House committee advances plan to address conflicts of interest in the Legislature

A pair of measures tightening the Legislature’s own rules on conflicts of interest are moving through the committee process in the Alaska House of Representatives.


Late Friday afternoon, House Bill 44 and House Concurrent Resolution 1 were approved by the House Judiciary Committee and moved to the House State Affairs Committee. A hearing is set for 3 p.m. Thursday.

The measures, proposed by Rep. Jason Grenn, I-Anchorage, would require a majority vote of the House or Senate to permit a legislator who has a conflict of interest to vote on a piece of legislation.

Currently, the Legislature’s rules state that only one legislator must speak up before that person can vote, and no record is taken of who speaks up to allow the legislator to vote.

“That’s a good sign,” Grenn said after the committee moved the bill and resolution, which are moving through the committee process together.

Grenn said 49 other states have rules tougher than Alaska’s rules.

“I know we don’t like to do things like other states most of the time, but I think this is one of those times when we say, we can do it better,” he said.

Grenn added that he has good intentions and is trying to respond to something his constituents requested, but Grenn’s measure is seen as affecting the Senate more than the House. In the Senate, two lawmakers are employed by oil and gas producers and would be required to declare conflicts on related matters if Grenn’s bill were to pass.

Sen. Kevin Meyer, R-Anchorage and one of the lawmakers seen as a target of Grenn’s bill, has meanwhile proposed campaign finance reforms that would affect the House more than the Senate.

“I really do believe that most people agree that the intent of something like this is good,” Grenn said of his proposal.

He might even be willing to go along with Meyer’s legislation, perhaps as part of a deal that sees both plans pass.

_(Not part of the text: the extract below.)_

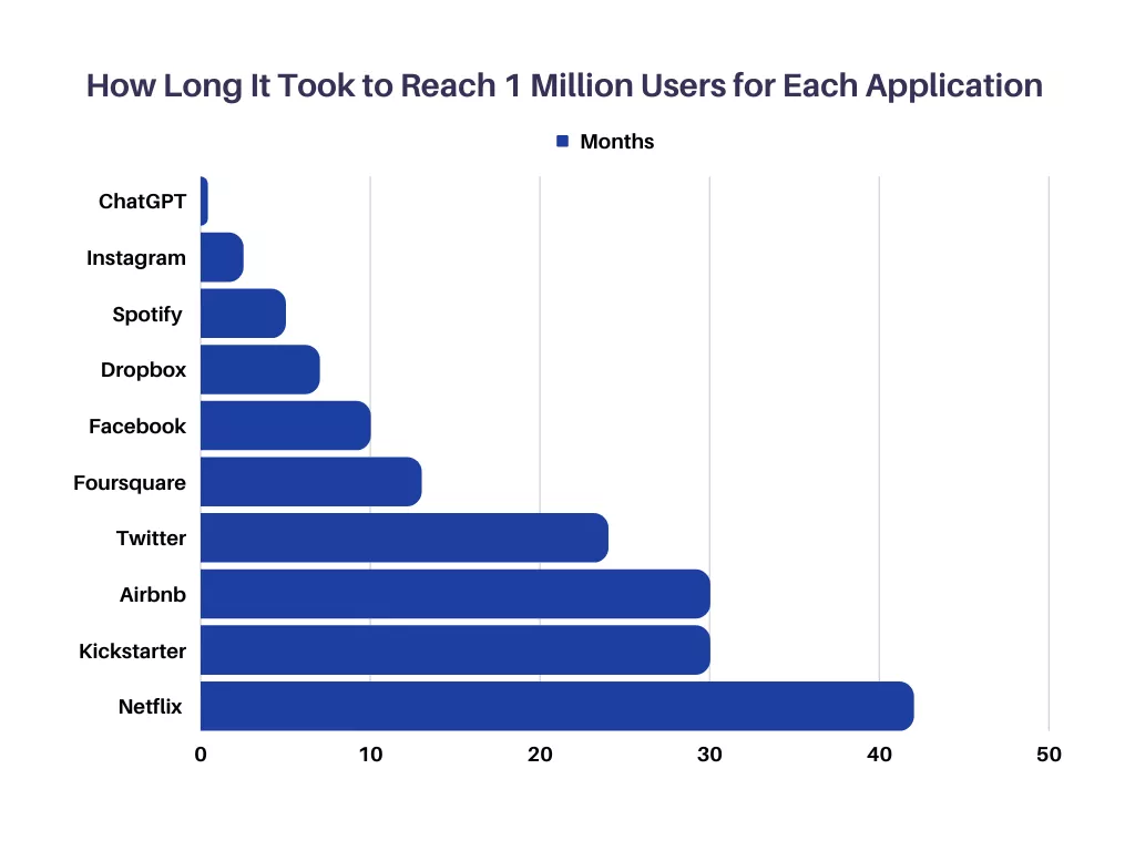 ChatGPT 的用户群正在迅速增长。已经达到了第一个100万用户一周内取得了里程碑式的进展,并击败 Instagram 成为最快实现这一目标的应用程序。

“If both of those pass the House and Senate, given some changes, I don’t think it’d be the surprise of the session,” Grenn said. “I might not bet on it, but it wouldn’t be the biggest surprise.”

Energy efficiency advances

The effect of Grenn’s measures is limited to the Legislature, but measures that advanced in committees Thursday in the House and Senate could have implications for commercial property owners and municipalities across the state.

House Bill 80 and Senate Bill 39 are companion measures reviving an idea that died at the end of the 29th Legislature.

If either pass the Legislature, cities and boroughs that collect property taxes would be allowed to create programs that loan money to businesses that make energy efficiency improvements with the loan.

The thought behind the bills is that people who own commercial property are discouraged from making improvements because improvements to energy efficiency take a long time to pay off. If a building owner sells the building before paying off the improvements, he or she loses money.

Under the new program, the building owner would take out a loan from the municipality. An assessment would be added to the building’s property tax bill. That assessment would stay on the bill even if the building’s owner sells the building.

Thus, property owners would be encouraged to make improvements even if they don’t intend to keep the building for an extended period, because they wouldn’t be liable for the entire cost.

HB 80 is scheduled for a hearing at 8 a.m. Tuesday in Community and Regional Affairs. SB 39 is scheduled for a hearing at 9 a.m. in Senate Finance.

In other committee action Thursday and Friday:

• The House special committee on military and veterans affairs has approved HB 3, proposed by Rep. Chris Tuck, D-Anchorage, which allows Alaskans who are members of the National Guard in other states to get leave from their jobs while serving a tour of duty with that branch of the National Guard. The bill heads to the House Rules Committee and the floor next.

• The House State Affairs Committee has approved HB 7, sponsored by Rep. Jonathan Kreiss-Tomkins, D-Sitka. The bill is awaiting a hearing in the House Community and Regional Affairs Committee. If approved by the House and Senate, the bill would make “ballot selfies” legal. Currently, taking a picture of your completed ballot is illegal. This would make it legal.

• The House Labor and Commerce committee has approved HB 18, sponsored by Rep. Dan Ortiz, I-Ketchikan, which allows the Ketchikan Chamber of Commerce to hold a “race classic” allowing people to gamble by guessing how long the winning boat in the Race to Alaska will take to sail from Washington state to Ketchikan. The bill goes to the House Finance Committee.

• The House Labor and Commerce committee advanced HB 49, sponsored by Rep. Sam Kito III, D-Juneau, which renews the board regulating midwives through 2021. It now goes to the House Finance Committee.

• The House Resources committee has approved HB 51, sponsored by the House Transportation Committee. The bill is scheduled for a 1:30 p.m. hearing Thursday in the House Finance Committee. If passed, the bill would exempt the state’s ferries from the normal standards for wastewater disposal. Most of the ferries are too old to meet those standards (which were designed for small cruise ships) without significant overhaul.

• The Senate committee for Community and Regional Affairs has approved Senate Bill 9, sponsored by Sen. John Coghill, R-North Pole. The bill has been referred to the Senate Finance Committee, and if enacted would allow a faster process for designating “military facility zones,” which are eligible for special development programs.